2 Mark clearing method
The main problem with the traditional mark clearing method is that with the garbage collection process, a large amount of memory fragments will be generated and need to be regularly implemented.
Memory reorganization. In addition, garbage detection and garbage collection must be performed on all memory objects, so the time efficiency is not high. To solve these two problems, the mark compression method and copy method are introduced.
3 mark Compression Method
The Mark compression method uses the same mechanism as the mark removal method in the spam detection phase to mark accessible objects and then transfer the active objects in sequence, it is connected to adjacent activity objects in the space.
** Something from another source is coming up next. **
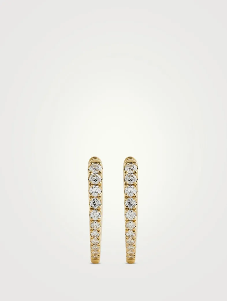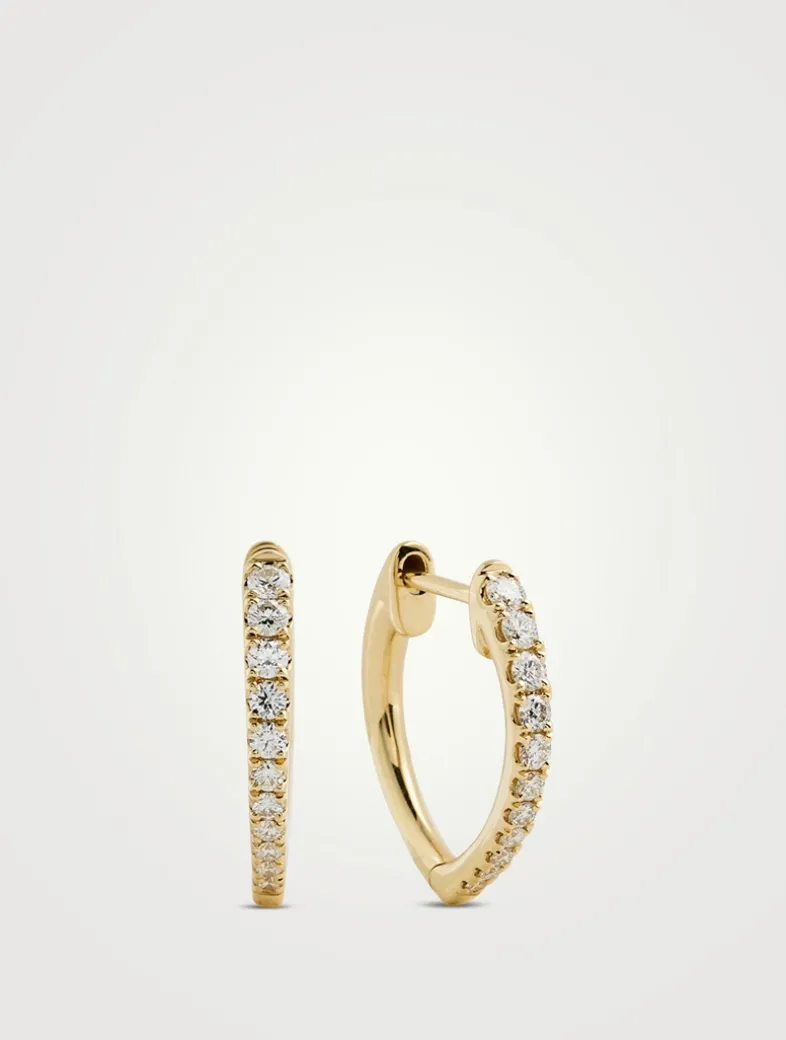 Trimmed with graduating diamonds, MEMOIRE’s commitment to outstanding quality and craftsmanship is showcased in each of these oval-shaped huggie hoops.

The final result is that all activity objects exist in the connected memory space, which also makes the reborn free space integrated, overcome the memory fragmentation problem of the Mark clearing method.
However, the tag compression method is more efficient than the tag clearing method. after the activity OBJECT tag is completed, the recycler processes all activity objects two to three times. first, you need to determine a new location for each active object in the memory, and then modify all the pointers to these objects before moving the object. therefore, garbage collection slows down when a large proportion of active objects are involved.
4. Stop and copy methods
The advantage of the "stop and copy" method is that it avoids heap fragments and thus does not need periodic memory reorganization. the stop and copy method is a fast garbage collection algorithm, but it requires two times the memory area. this method is not suitable for real-time systems because it will freeze the system from time to time.

Go to: Unknown reference

The answer has been locked and cannot be commented, edited, or voted.

()

Contact Us

The content source of this page is from Internet, which doesn't represent Alibaba Cloud's opinion; products and services mentioned on that page don't have any relationship with Alibaba Cloud. If the content of the page makes you feel confusing, please write us an email, we will handle the problem within 5 days after receiving your email.
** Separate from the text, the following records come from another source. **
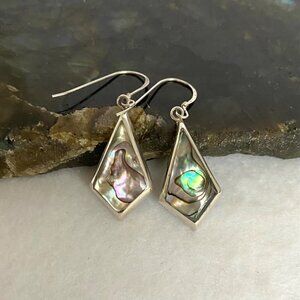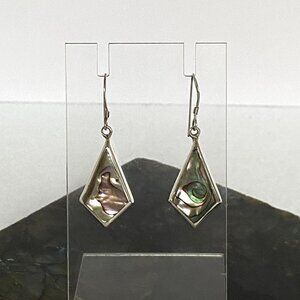 Sterling Silver 925 1.68" Kite Shaped Abalone Shell Inlay Dangle Earrings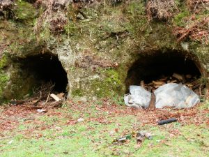 Sigue la ruta por caminos con frecuencia encharcados por la recientes lluvias, entre cierres de fincas y bosques que ocupan lo que en otros tiempos fueron tierras de labor hasta que llegamos a las estribaciones de A Cima da Granxa, unos parajes agrestes salpicados de penedos, grandes rocas redondas por las que serpentean estrechos caminitos entre sus paredes cubiertas de musgo en una especie de tobogán con rampas que suben y bajan hasta alcanzar A Cima, otro conjunto de penedos que constituye un excelente mirador de la comarca que rodea la ciudad de Ourense. Oculta entre ellos se encuentra A Cova da Cima, un espacio que sirvió para albergar pastores y transeúntes en tiempos ya pasados.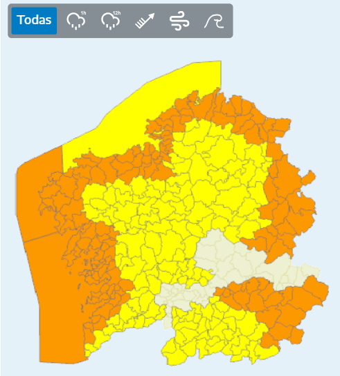A maiores, outras zonas da comunidade tamén manteñen activo o aviso por choivas, vento, ou ondas, chegando nalgúns casos a ser laranxa. Agárdase que as alertas finalizen na noite do mércores ao xoves.

If you find any instances of plagiarism from the community, please send an email to: info-contact@alibabacloud.com and provide relevant evidence. A staff member will contact you within 5 working days.

A Free Trial That Lets You Build Big!

Start building with 50+ products and up to 12 months usage for Elastic Compute Service

  • Sales Support

    1 on 1 presale consultation

  • After-Sales Support

    24/7 Technical Support 6 Free Tickets per Quarter Faster Response

  • Alibaba Cloud offers highly flexible support services tailored to meet your exact needs.